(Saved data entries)

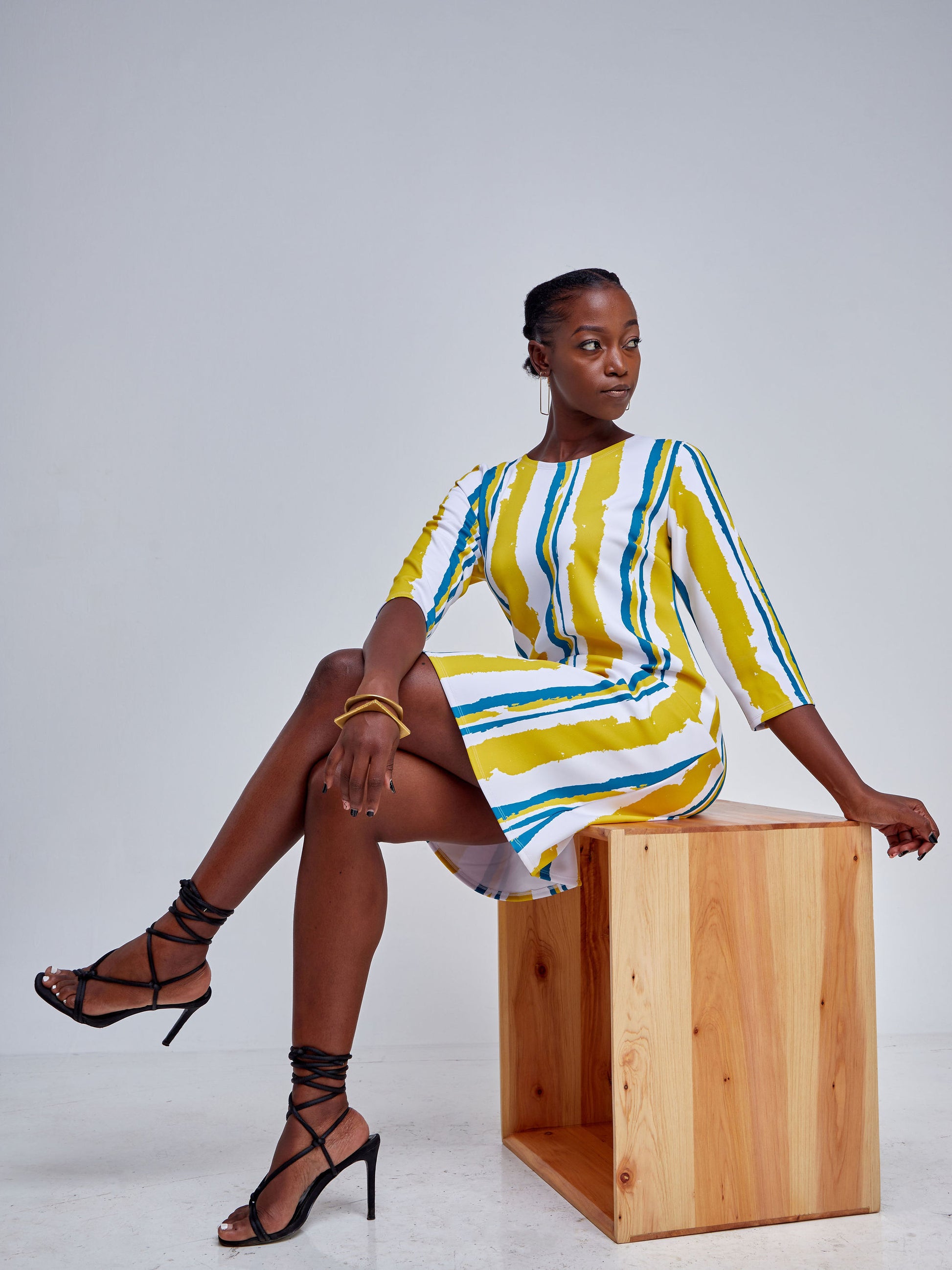 Vivo Tatili 3/4 Sleeve A Line Dress - Dark Teal / Mustrad Abstract Stripes Print
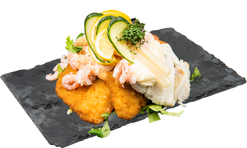 Dobbelt paneret fiskefileter med rejer, caviar og koldrøget laks og dampet fisk - pr. stk
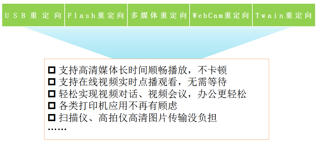 外设支持一直是桌面云面临的一大难题,外设支持受限,直接影响用户体验,甚至给用户带来直接损失。虽然目前各厂家都在全力开发外设支持方面的技术,但都没有实质的突破。
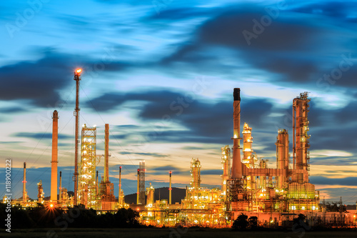 Oil Refinery factory at twilight , petrochemical plant , Petroleum , Chemical Industry
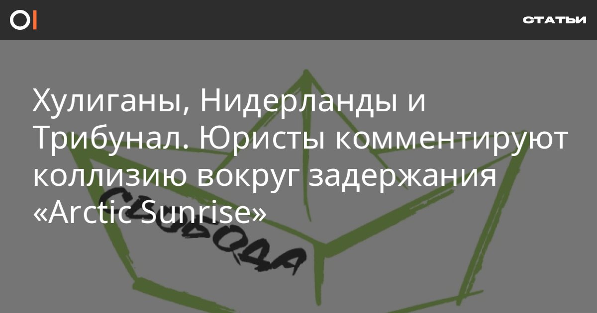 С точки зрения Европейской конвенции о защите прав человека и основных свобод, я бы квалифицировал действия против активистов «Гринпис» как грубейшее нарушение свободы выражения мнения, поскольку их акция была, пусть и маргинальным, но выражением их мнения по поводу добычи нефти в Арктике. За выражение мнения они лишены свободы, арестованы, против них возбуждено уголовное дело. Возможно, в дальнейшем будут поданы иски с жалобами на нарушение статьи 5 Конвенции — незаконное лишение свободы — и статьи 6 — лишение права на справедливое судебное разбирательство. Но прежде всего, концептуальная проблема в этом деле — это нарушение Статьи 10, гарантирующей свободу выражения мнения. В этом смысле дело «Гринпис» очень похоже на дело «Pussy Riot».
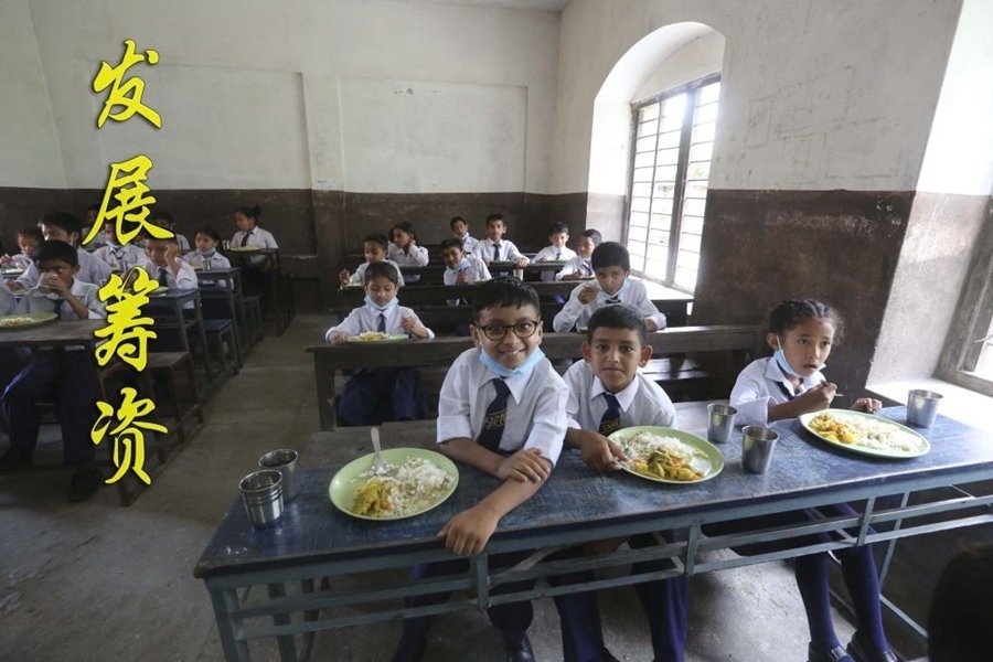 在尼泊爾加德滿都,學(xué)生們參加微笑兒童項(xiàng)目啟動儀式并就餐(2022年7月11日攝)。由“全球發(fā)展和南南合作基金”支持的微笑兒童項(xiàng)目惠及約3600名尼泊爾學(xué)生,解決學(xué)生就餐問題。
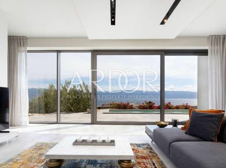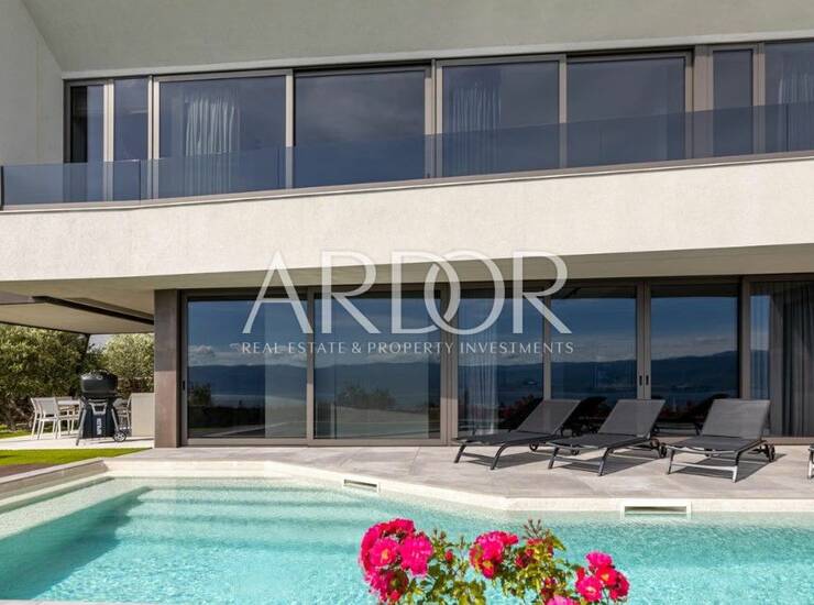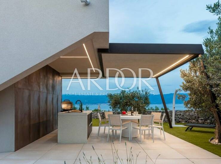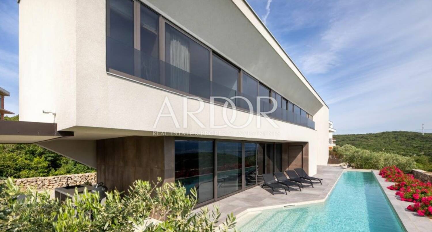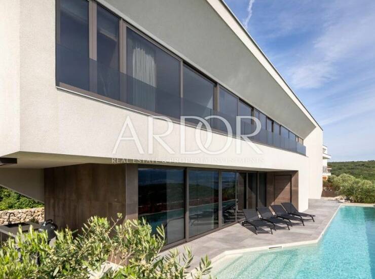 Na poželjnoj lokaciji na otoku Krku, na zemljištu površine gotovo 1000 m², smjestila se moderna vila koja svojim dizajnom pruža vrhunski komfor i neometan pogled na more.
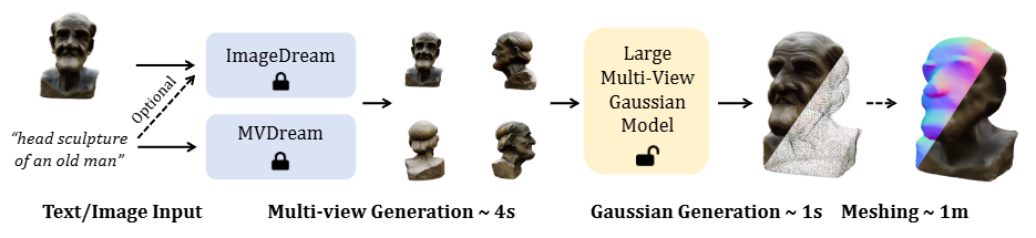 위 이미지는 LGM (Large Multi-View Gaussian Model)의 전체 3D 콘텐츠 생성 파이프라인을 보여줍니다. 텍스트 프롬프트나 단일 이미지 입력부터 고해상도 3D Gaussian을 생성하고, 선택적으로 메시(mesh)로 변환하는 과정을 단계별로 설명합니다.
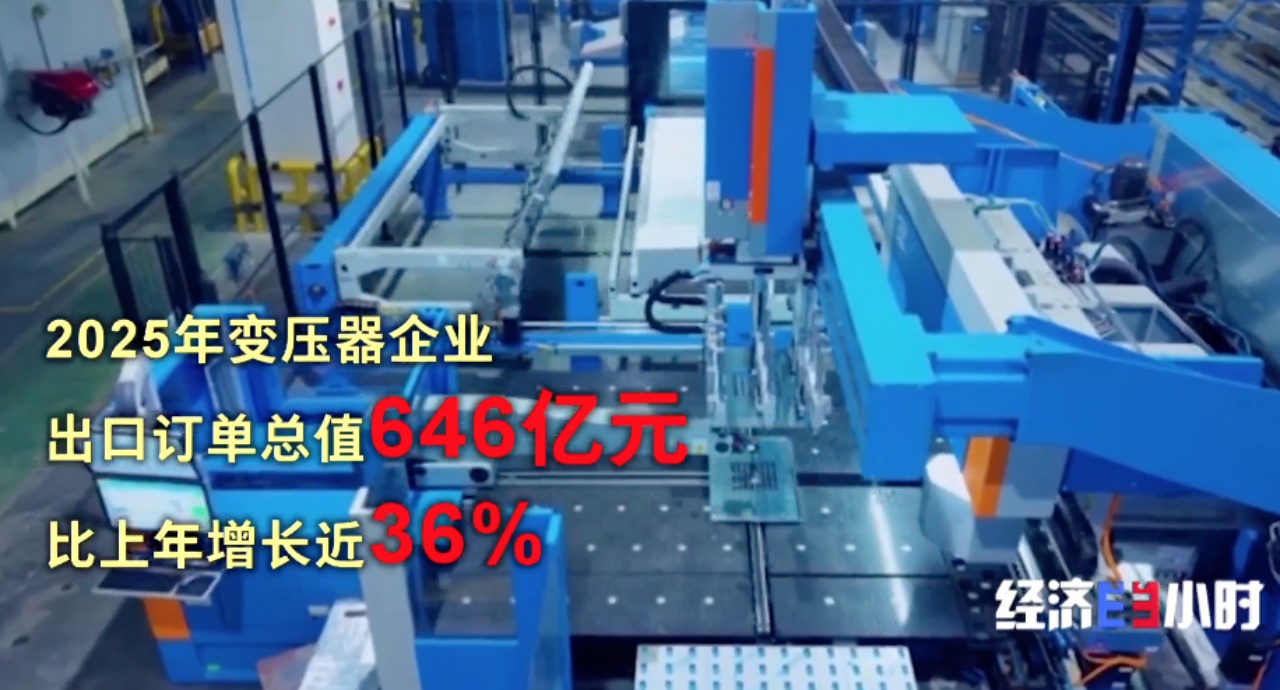 2025年我国变压器企业出口订单总值达到了创纪录的646亿元,比上年增长近36%。主要原因是人工智能发展催生的电力需求巨大。
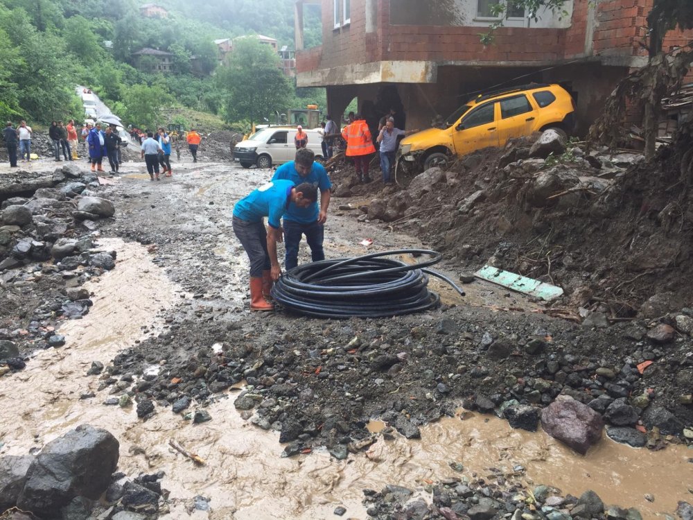 Trabzon'un Araklı ilçesi Çamlıktepe’de önceki gün etkili olan sağanak yağış, sonucu 7 kişi hayatını kaybederken, bölgede 3 kişinin de arama çalışmaları sürüyor. Yetkililer, bölgedeki vatandaşların dere yataklarından yüksek kesimlere doğru çıkmasını istiyor.
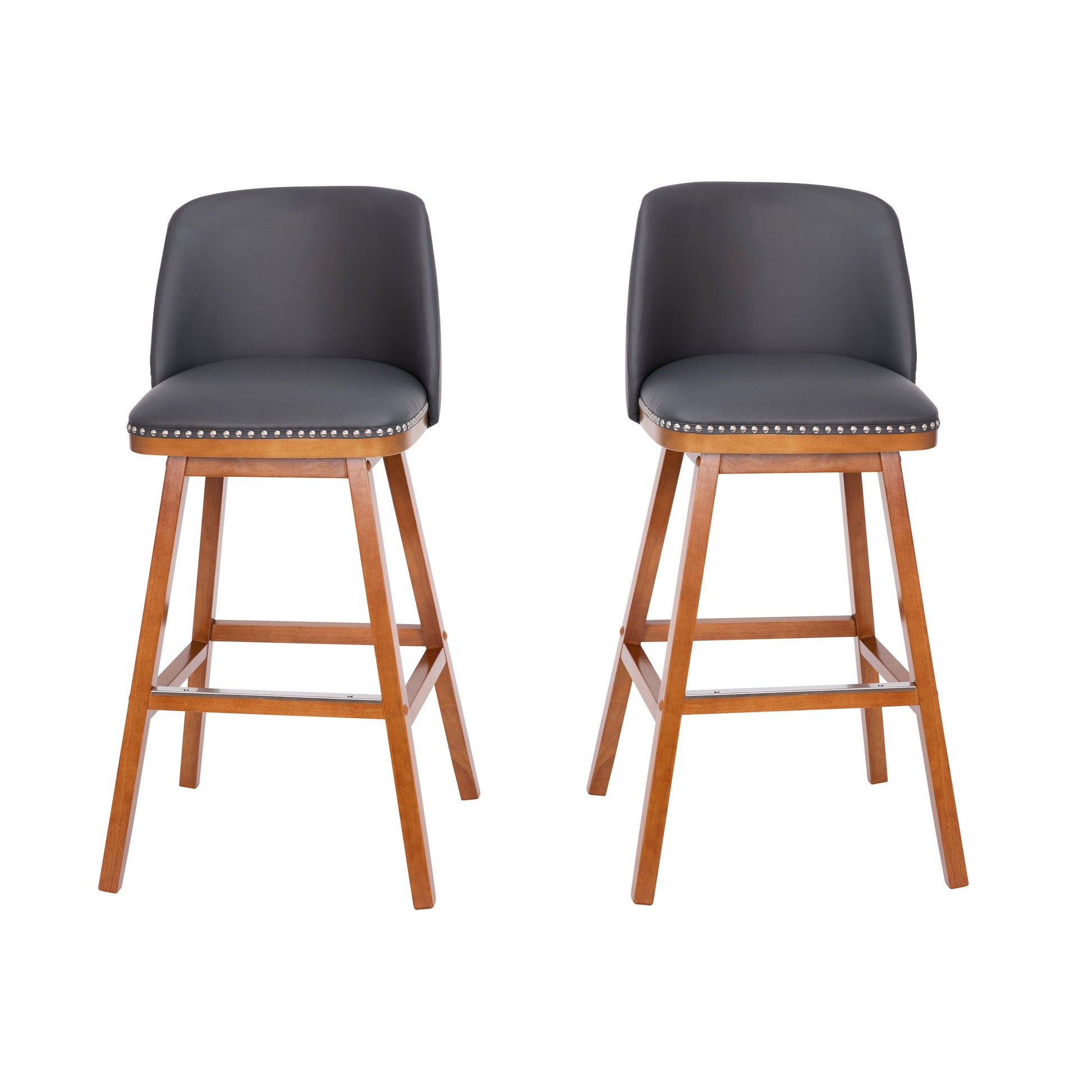 Julia Set of 2 Transitional 30 Inch LeatherSoft Upholstered Barstools with Silver Nailhead Trim and Walnut Finish Solid Wood Frames, Gray Dimensions: 20.5"W x 20.5"D x 40.75"H

§ **EXERCISE**
An exact copy of the entries, minus the pictures, is what to return.

§ **ANSWER SECTION**
 Vivo Tatili 3/4 Sleeve A Line Dress - Dark Teal / Mustrad Abstract Stripes Print
 Dobbelt paneret fiskefileter med rejer, caviar og koldrøget laks og dampet fisk - pr. stk
 外设支持一直是桌面云面临的一大难题,外设支持受限,直接影响用户体验,甚至给用户带来直接损失。虽然目前各厂家都在全力开发外设支持方面的技术,但都没有实质的突破。
 Oil Refinery factory at twilight , petrochemical plant , Petroleum , Chemical Industry
 С точки зрения Европейской конвенции о защите прав человека и основных свобод, я бы квалифицировал действия против активистов «Гринпис» как грубейшее нарушение свободы выражения мнения, поскольку их акция была, пусть и маргинальным, но выражением их мнения по поводу добычи нефти в Арктике. За выражение мнения они лишены свободы, арестованы, против них возбуждено уголовное дело. Возможно, в дальнейшем будут поданы иски с жалобами на нарушение статьи 5 Конвенции — незаконное лишение свободы — и статьи 6 — лишение права на справедливое судебное разбирательство. Но прежде всего, концептуальная проблема в этом деле — это нарушение Статьи 10, гарантирующей свободу выражения мнения. В этом смысле дело «Гринпис» очень похоже на дело «Pussy Riot».
 在尼泊爾加德滿都,學(xué)生們參加微笑兒童項(xiàng)目啟動儀式并就餐(2022年7月11日攝)。由“全球發(fā)展和南南合作基金”支持的微笑兒童項(xiàng)目惠及約3600名尼泊爾學(xué)生,解決學(xué)生就餐問題。
 Na poželjnoj lokaciji na otoku Krku, na zemljištu površine gotovo 1000 m², smjestila se moderna vila koja svojim dizajnom pruža vrhunski komfor i neometan pogled na more.
 위 이미지는 LGM (Large Multi-View Gaussian Model)의 전체 3D 콘텐츠 생성 파이프라인을 보여줍니다. 텍스트 프롬프트나 단일 이미지 입력부터 고해상도 3D Gaussian을 생성하고, 선택적으로 메시(mesh)로 변환하는 과정을 단계별로 설명합니다.
 2025年我国变压器企业出口订单总值达到了创纪录的646亿元,比上年增长近36%。主要原因是人工智能发展催生的电力需求巨大。
 Trabzon'un Araklı ilçesi Çamlıktepe’de önceki gün etkili olan sağanak yağış, sonucu 7 kişi hayatını kaybederken, bölgede 3 kişinin de arama çalışmaları sürüyor. Yetkililer, bölgedeki vatandaşların dere yataklarından yüksek kesimlere doğru çıkmasını istiyor.
 Julia Set of 2 Transitional 30 Inch LeatherSoft Upholstered Barstools with Silver Nailhead Trim and Walnut Finish Solid Wood Frames, Gray Dimensions: 20.5"W x 20.5"D x 40.75"H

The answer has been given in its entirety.